All’insegna di un marcato eccesso di vanagloria e di smaccate provocazioni (come quella di annunciare che “il prossimo 22 dicembre inauguriamo l’autostrada Salerno Reggio Calabria», beccandosi qualche fischio da parte dei cronisti in sala che credono più ai dati pubblicati dal Codacons che parlano di oltre 600 opere pubbliche incompiute per un controvalore di 5 miliardi di euro), Renzi ha magnificato i suoi “successi” in economia, a partire dai famosi 80 euro al mese in busta paga ai dipendenti che guadagnano meno di 1.400 euro. Per non dire del «poderoso taglio delle tasse» fatto per stimolare la domanda interna.
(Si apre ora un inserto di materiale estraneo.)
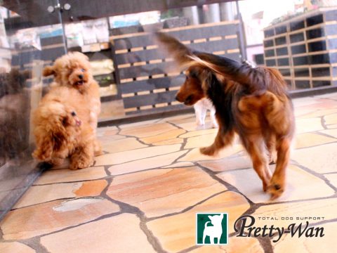 犬同士コミュニケーションを積極的に取らせています。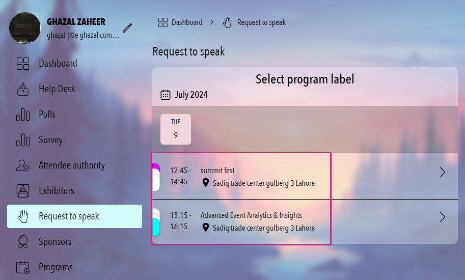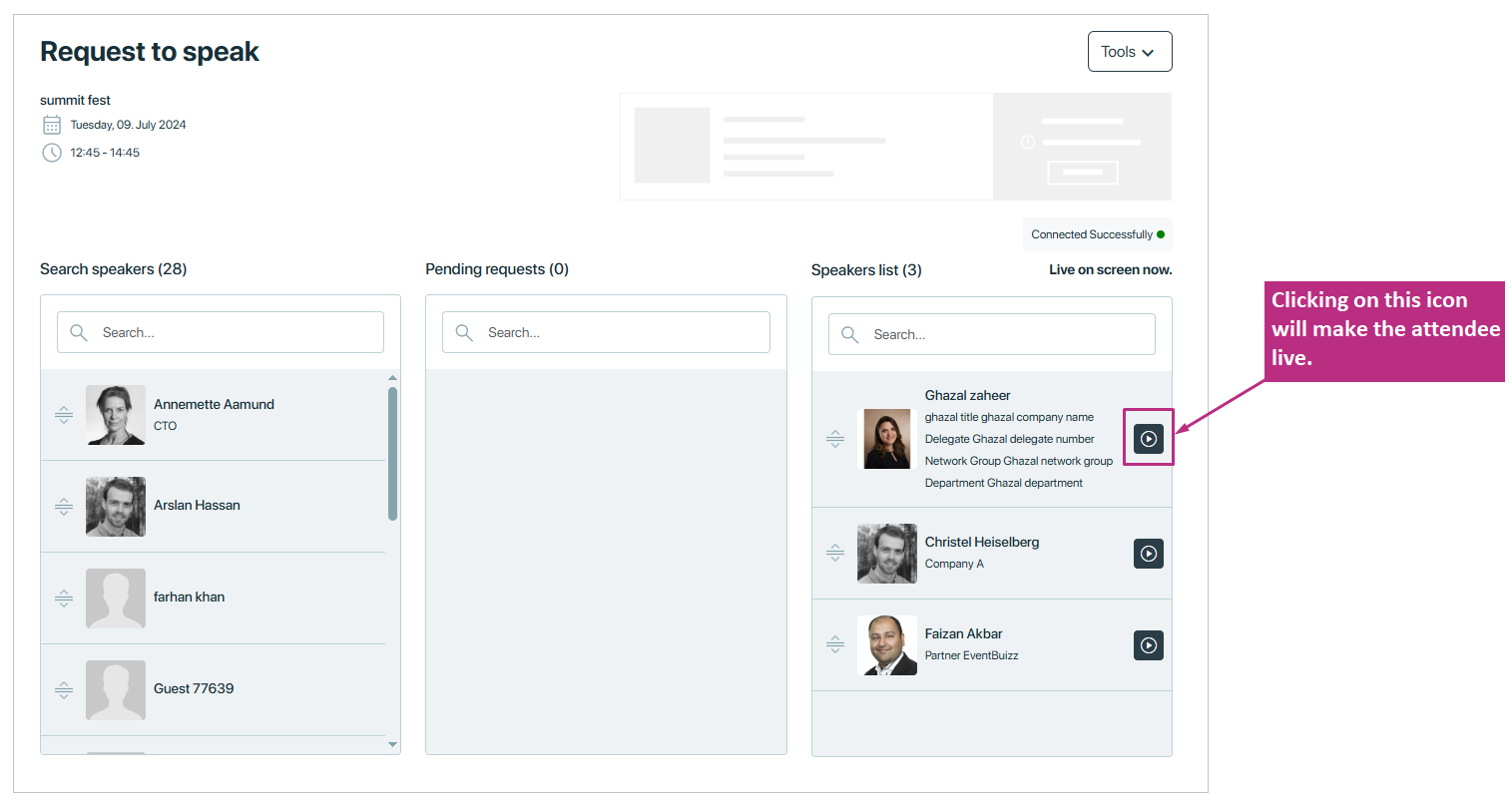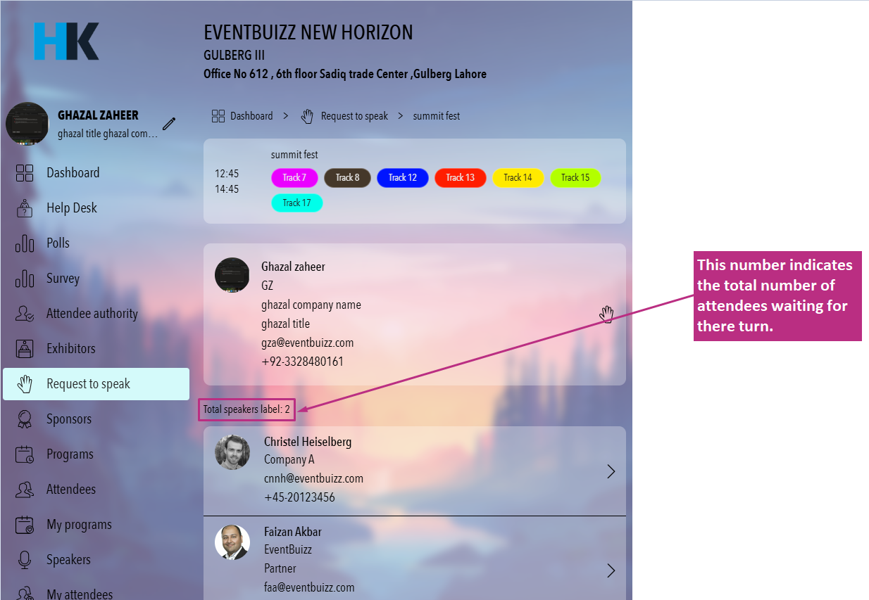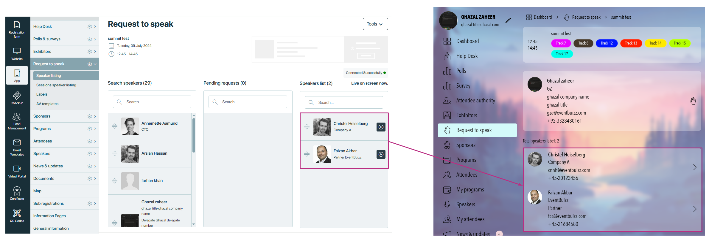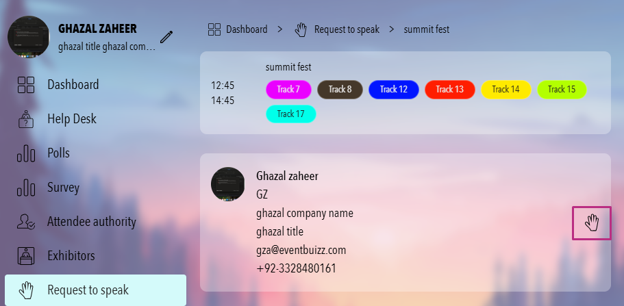 In Eventbuizz, “request to speak” refers to a feature that allows event attendees to signal their desire to speak or ask a question during an event, such as a conference or webinar.

Peccato solo che la Banca d’Italia abbia smentito solo qualche ora prima i trionfalismi renziani, sottolineando che le tasse sono invece aumentate, così come il deficit pubblico monstre, tanto che il famoso rapporto deficit/Pil si è nuovamente portato sul limite del 3% (soglia oltre cui scattano le forche caudine europee) e che la crescita del Paese è drammaticamente inchiodata a livelli di prefisso telefonico, così come l’andamento piatto dell’economia come testimonia l’inflazione ferma e addirittura in calo (piena deflazione) in oltre 10 grandi città italiane.
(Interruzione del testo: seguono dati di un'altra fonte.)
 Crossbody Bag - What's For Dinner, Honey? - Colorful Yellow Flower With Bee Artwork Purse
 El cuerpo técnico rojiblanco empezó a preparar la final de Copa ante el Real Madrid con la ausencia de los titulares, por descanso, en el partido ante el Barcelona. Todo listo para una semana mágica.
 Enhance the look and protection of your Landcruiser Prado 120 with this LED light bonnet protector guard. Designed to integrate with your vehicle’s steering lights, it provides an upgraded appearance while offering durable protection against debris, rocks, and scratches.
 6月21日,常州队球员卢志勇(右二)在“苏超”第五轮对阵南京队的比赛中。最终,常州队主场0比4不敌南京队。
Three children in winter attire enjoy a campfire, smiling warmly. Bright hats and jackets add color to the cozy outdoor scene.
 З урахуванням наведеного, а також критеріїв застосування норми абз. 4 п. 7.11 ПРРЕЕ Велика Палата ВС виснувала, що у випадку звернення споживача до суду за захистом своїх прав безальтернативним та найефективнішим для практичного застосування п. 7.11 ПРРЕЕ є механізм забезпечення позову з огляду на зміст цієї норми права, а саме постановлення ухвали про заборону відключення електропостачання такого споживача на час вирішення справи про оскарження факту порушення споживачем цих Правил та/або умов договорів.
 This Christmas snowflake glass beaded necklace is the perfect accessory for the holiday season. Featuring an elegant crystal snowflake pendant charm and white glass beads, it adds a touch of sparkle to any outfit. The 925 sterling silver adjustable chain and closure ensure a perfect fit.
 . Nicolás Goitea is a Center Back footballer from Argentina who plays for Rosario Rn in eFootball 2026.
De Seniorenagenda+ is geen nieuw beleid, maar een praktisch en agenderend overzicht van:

Nel dettaglio, Renzi dice che la disoccupazione è calata all’11,4%: vero, ma è costata 11 miliardi di sgravi, perché i 110.000 posti di lavoro creati sono solo una carissima goccia nell’oceano della disoccupazione. Inoltre, c’è da registrare che in gennaio la cassa integrazione guadagni è tornata a salire. Per Renzi la disoccupazione giovanile scesa al 37,9%, sottacendo che sono aumentati i giovani che non studiano e non lavorano (i cosiddetti “NEET”). La diapositiva è una mistificazione delle realtà: secondo il Premier Gigliato il Pil italiano è passato da -1,9% a +0,8%, ma se va bene sarà lo 0,7 o, più probabilmente (secondo la stima Ocse), lo 0,6%. Questo in presenza dell’azione di “quantitative easing” condotta dalla Banca Centrale Europea che, da sola, vale uno 0,3% del Pil, del prezzo del petrolio ai minimi storici, un euro debole per buona parte dell’anno che avrebbe dovuto stimolare l’export. A livello di comparto produttivo, eccetto per agricoltura, auto e farmaci, l’industria sarebbe ancora in recessione.
Renzi ha poi insistito sui mancati tagli alla sanità, sul 730 precompilato, le fatture elettroniche. Alla sanità mancano due miliardi, il precompilato è risultato una sonora fregatura per i cittadini specie sulle detrazioni delle spese sostenute (rendendo di fatto obbligatorio ricorrere al commercialista o ai Caf). Ma Renzi è sorvolato bellamente sui 70 miliardi che il comparto pubblico deve alle imprese per le forniture ricevute.
Anche in tema di investimenti esteri, Renzi spaccia le acquisizioni di aziende italiane per investimenti, quando si è dinanzi ad un impoverimento del patrimonio nazionale, con il passaggio delle leve decisionali all’estero, spesso in balia delle necessità delle grandi multinazionali, che non esitano a chiudere gli impianti se questi non sono profittevoli.
Insomma, due anni con risultati più in scuro che in chiaro: davvero un po’ poco anche per un premier ambizioso come Renzi.